Now, though, is my time with my Mom and Dad. I am embarking on a QUEST, which you know is important because of the all caps right then. They are in their 80’s and it’s time to sell the house. Big things, like winter and stairs have become intermittently hard. And I have this house with an in-law apartment. Recently, though, I have been learning about CHANGE and about PROCESS and about SYSTEMS.
And about scaling up. Leveraging my life to scale, to be exact. So today I am inspired to announce that those with whom I share soul contracts, namely my birth family, and I intend to share the journey of parental arrivals and departures to show the world how it’s done. The next few weeks, I’ll be describing this in more detail, but suffice it to say, I have seen Aging in America, and I’m not about it.

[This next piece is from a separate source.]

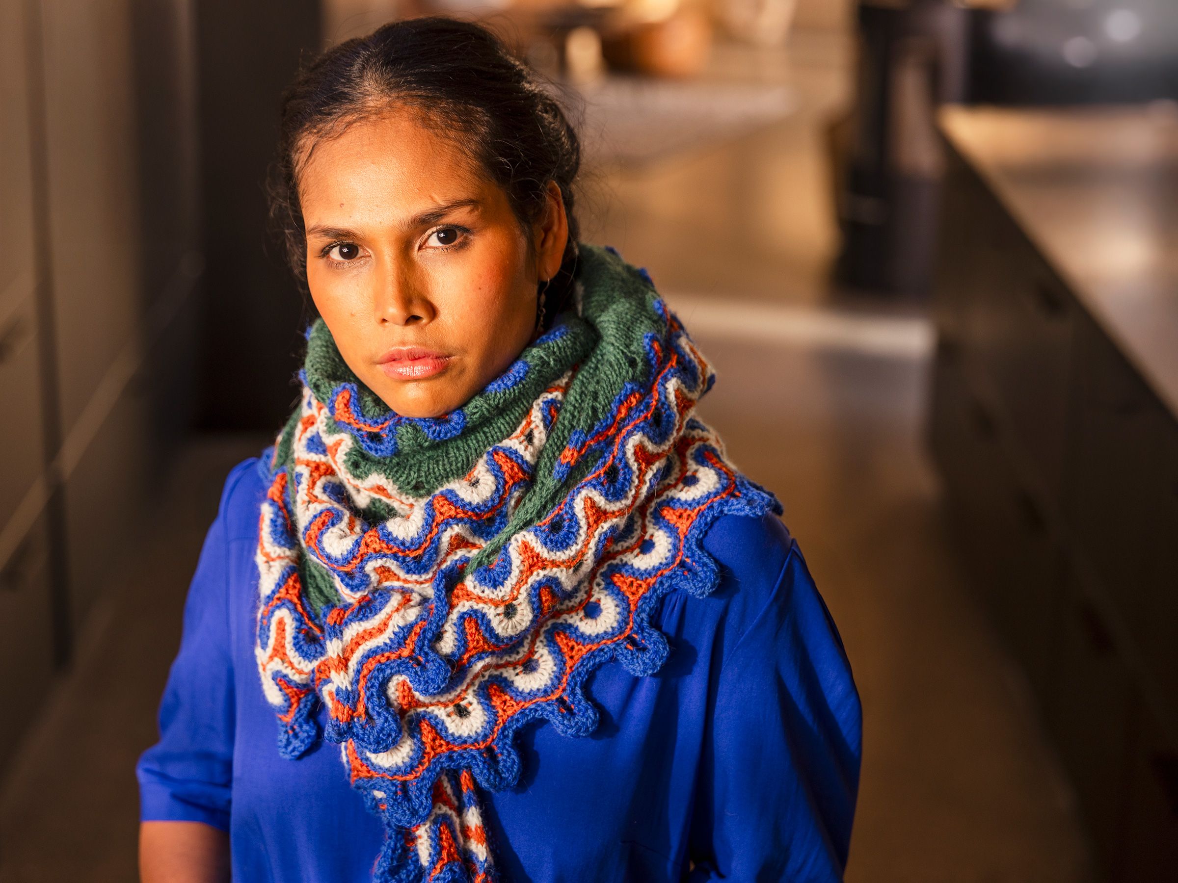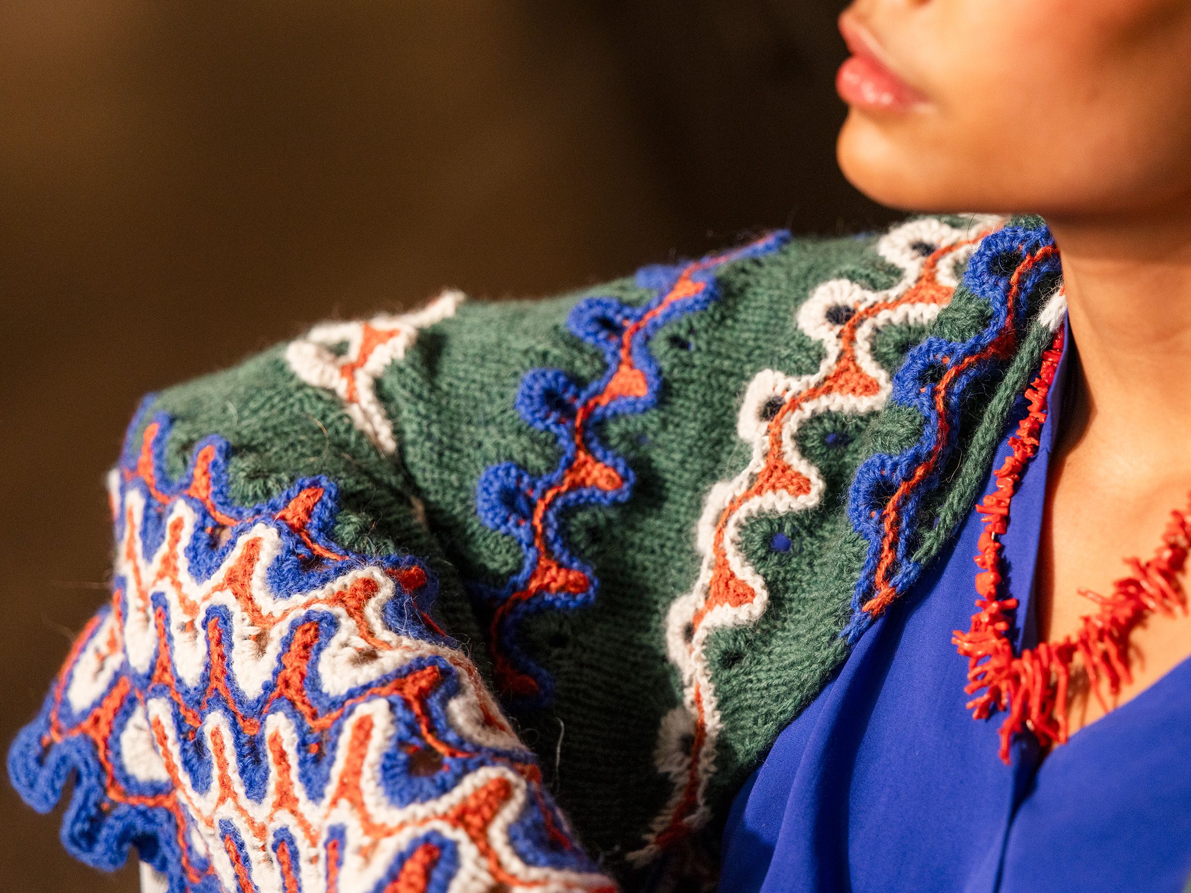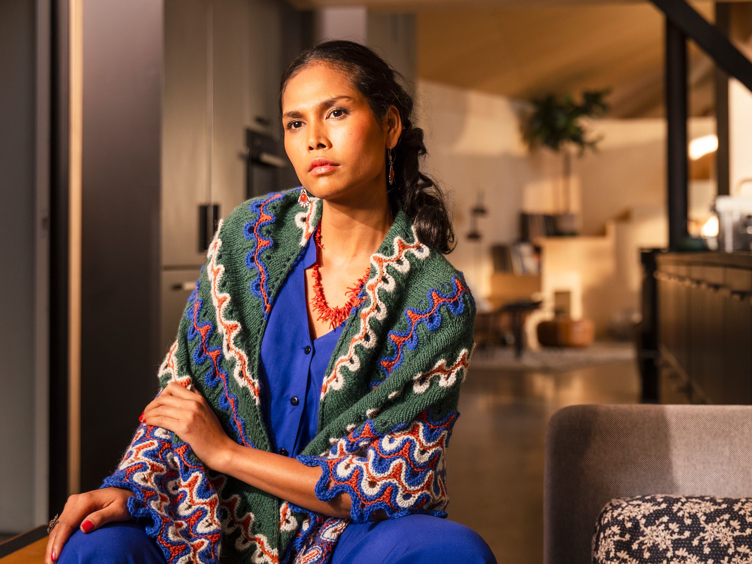 Dalarna-sjalet er inspirert av fargene og mønstrene fra Dalahestene.

Twin aunts I had, Bobbie and Bernadette. Tiny Jackie Kennedy-esque women, educated and impeccably dressed, and selective with their affection as only uncompromising childless husbandless women can be. They were nurses of high degree, living out their heydays in New York City in the 60’s and 70’s. Fine unions and pension systems we had then, and with frugal living (again, no hubs or kiddos, expenses that they are) left them financially comfortable to live out their days post-retirement. Who know there would be so many of them? Days, I mean.
First, they bought a condo near my parents until such time as their hoarding behaviors and eroding health became too much for even my mom to manage, she being the youngest daughter of Italian immigrants. That hearty lineage whose sense of duty borders, no, not even borders: is full on martyrdom and codependence Badlands. So off to independent living these two aunts went, with my mom doing their laundry, managing their affairs to the extent they would allow, and Dad, silent and steady, driving them all to their doctors’ appointments, mass, and holiday dinners at home.

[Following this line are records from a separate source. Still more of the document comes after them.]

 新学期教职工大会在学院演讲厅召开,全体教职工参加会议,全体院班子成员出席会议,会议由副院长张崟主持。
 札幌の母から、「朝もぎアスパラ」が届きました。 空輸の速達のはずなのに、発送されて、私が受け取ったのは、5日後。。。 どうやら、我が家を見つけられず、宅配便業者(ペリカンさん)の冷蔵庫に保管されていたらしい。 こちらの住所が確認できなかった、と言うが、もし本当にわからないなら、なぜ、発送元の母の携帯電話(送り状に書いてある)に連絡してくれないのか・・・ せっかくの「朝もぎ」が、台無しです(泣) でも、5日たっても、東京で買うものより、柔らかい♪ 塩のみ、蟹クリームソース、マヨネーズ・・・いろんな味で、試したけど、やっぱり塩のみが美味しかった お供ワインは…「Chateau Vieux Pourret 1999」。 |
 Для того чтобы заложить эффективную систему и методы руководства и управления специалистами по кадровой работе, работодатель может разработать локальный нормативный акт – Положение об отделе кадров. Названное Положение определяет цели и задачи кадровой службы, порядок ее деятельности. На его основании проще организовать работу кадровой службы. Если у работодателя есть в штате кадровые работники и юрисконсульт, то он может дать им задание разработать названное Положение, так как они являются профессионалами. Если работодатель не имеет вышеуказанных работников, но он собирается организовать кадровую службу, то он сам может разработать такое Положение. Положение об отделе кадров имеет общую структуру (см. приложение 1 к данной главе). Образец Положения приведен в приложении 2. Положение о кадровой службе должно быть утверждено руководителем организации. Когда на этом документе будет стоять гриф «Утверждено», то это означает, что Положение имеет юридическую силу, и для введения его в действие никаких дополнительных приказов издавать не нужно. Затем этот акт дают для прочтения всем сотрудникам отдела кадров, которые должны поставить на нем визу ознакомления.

Cognitive decline is stealthy, my friends. It tiptoes in a couple of times a week at first, and hides until dark. The TV stays on, usually news. Bathing and dressing become erratic, and the thing that is remembered is one phone number: my mom’s. Long beyond the healthy time to move to assisted living, just down the hall in this sprawling citadel of decrepitude. Here is the Shangri-La of existence: where meals happen for you, hygiene is outsourced, and should you be aware of your social isolation, there are group activities that could be fun. But most of what’s going on with the body and mind can no longer enjoy all those anticipated pleasures of retirement.
It eventually, and far too late, becomes apparent to family and staff that full time care is needed. Bathing, dressing, feeding, walking, are all handled by well-meaning and hardworking strangers. The social circle of fellow inmates is more like a rhythmic pulsing of familiarity than meaningful exchange. And let me be clear: these are the good spots.

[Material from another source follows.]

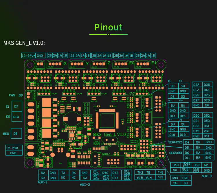 MKS BASE-L is suitable for 3D printer manufacturers on batch production and is used as the main control board. Compared to the Ramps1.4, it adds E1 heating output.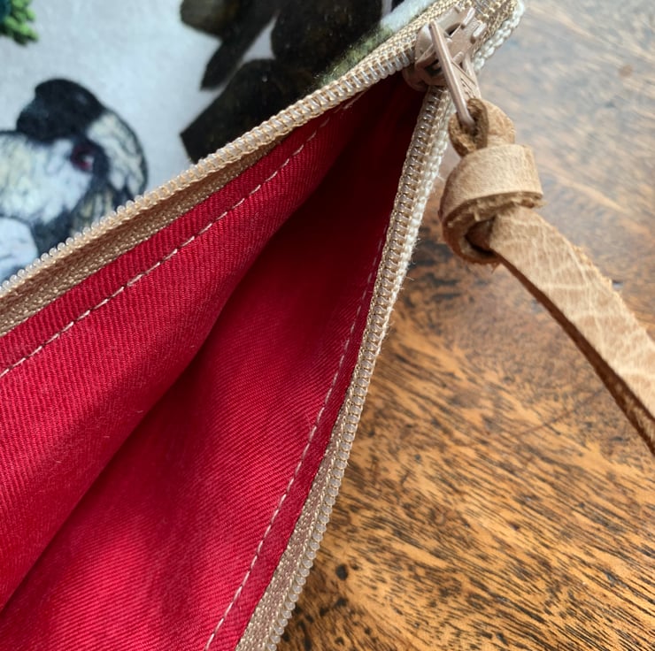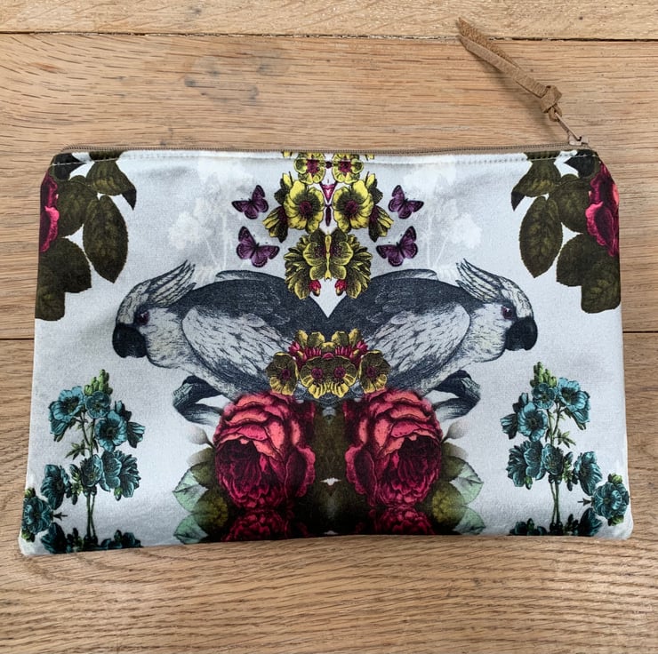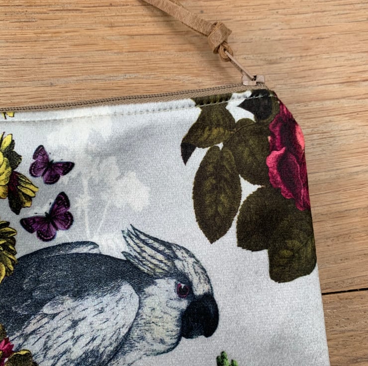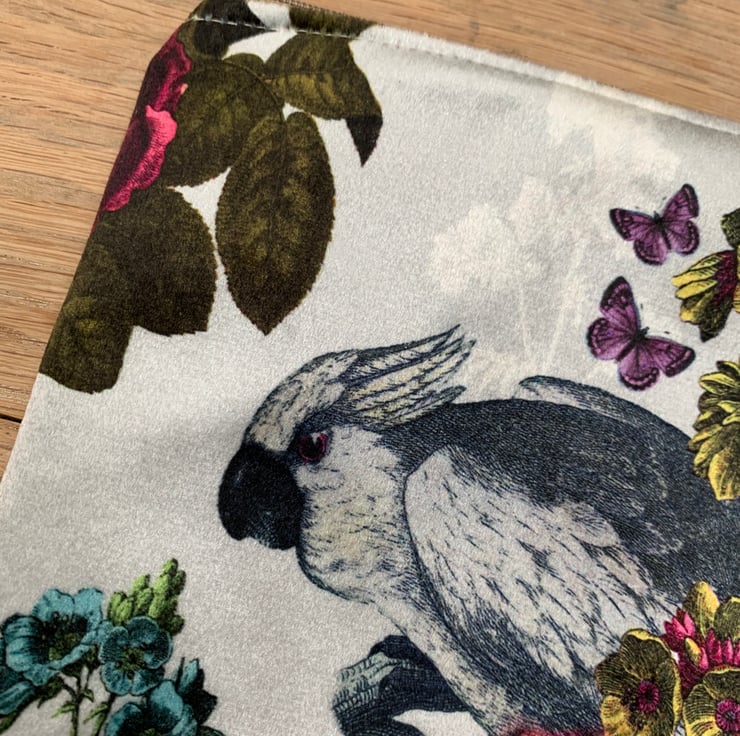 Soft velvet zip purse with linen back in beautiful shades of grey, green and pink. Pretty cockatiels by Marianne Ley Design are surrounded by vibrant flowers and butterflies.

Last year my aunt Bobbie decided she needed to get something from the closet that required climbing on a chair. At 90 and using a walker, this was no small feat and she almost made it. It’s always the descent, isn’t it?
The hourly staff check-in revealed her plight and by the time she got to the hospital, her time of embodiment was done. We all thought Bernadette would soon follow because of the twin thing. Yet she floats on between us and Summerland, as she has for over a decade. My sister is a patient, comforting companion and visits every two weeks. Mom sneaks over a couple of times a week, but the value of those visits has faded, and she is quickly dismissed with an “I want to go to sleep now”. We’ve been sort of hanging out, waiting for this bit of closure that doesn’t seem to be coming….year two now.
And I want something more beautiful for my parents, that’s worthy of them.